§ COLLECTED DATA
>>>>
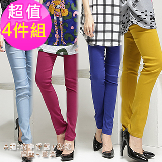 【名模衣櫃中大尺碼】夾-完美秋冬色極致顯瘦鉛筆褲4件組(共4組可選擇M-XXL)
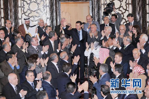 資料圖片 3月30日,敘利亞總統(tǒng)巴沙爾(后中)在敘人民議會致意。新華社/敘利亞通訊社
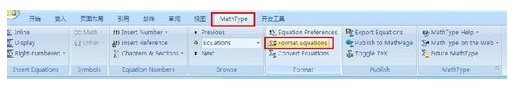 单击公式编辑窗口右上角的X,退出公式编辑状态。单击“MathType”选项卡,然后单击“Format Equations”按钮:
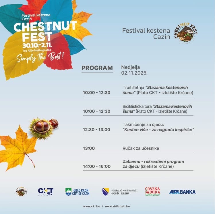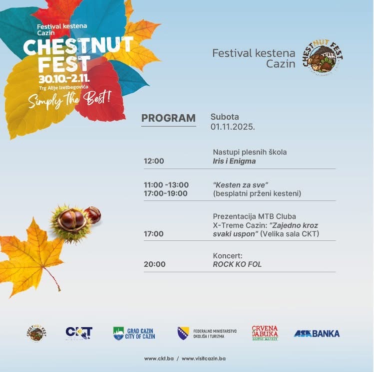 Organizatori pozivaju sve da tokom vikenda posjete Cazin i uživaju u mirisu pečenog kestena, zabavnim sadržajima i bogatom kulturnom programu.
<<<<
§ THE PROBLEM
The response should consist of the lines above from the first through the one containing "单击公式编辑窗口右上角的X,退出公式编辑", transcribed exactly, with every picture left out.

§ RESULT OF THIS EXERCISE
 【名模衣櫃中大尺碼】夾-完美秋冬色極致顯瘦鉛筆褲4件組(共4組可選擇M-XXL)
 資料圖片 3月30日,敘利亞總統(tǒng)巴沙爾(后中)在敘人民議會致意。新華社/敘利亞通訊社
 单击公式编辑窗口右上角的X,退出公式编辑状态。单击“MathType”选项卡,然后单击“Format Equations”按钮:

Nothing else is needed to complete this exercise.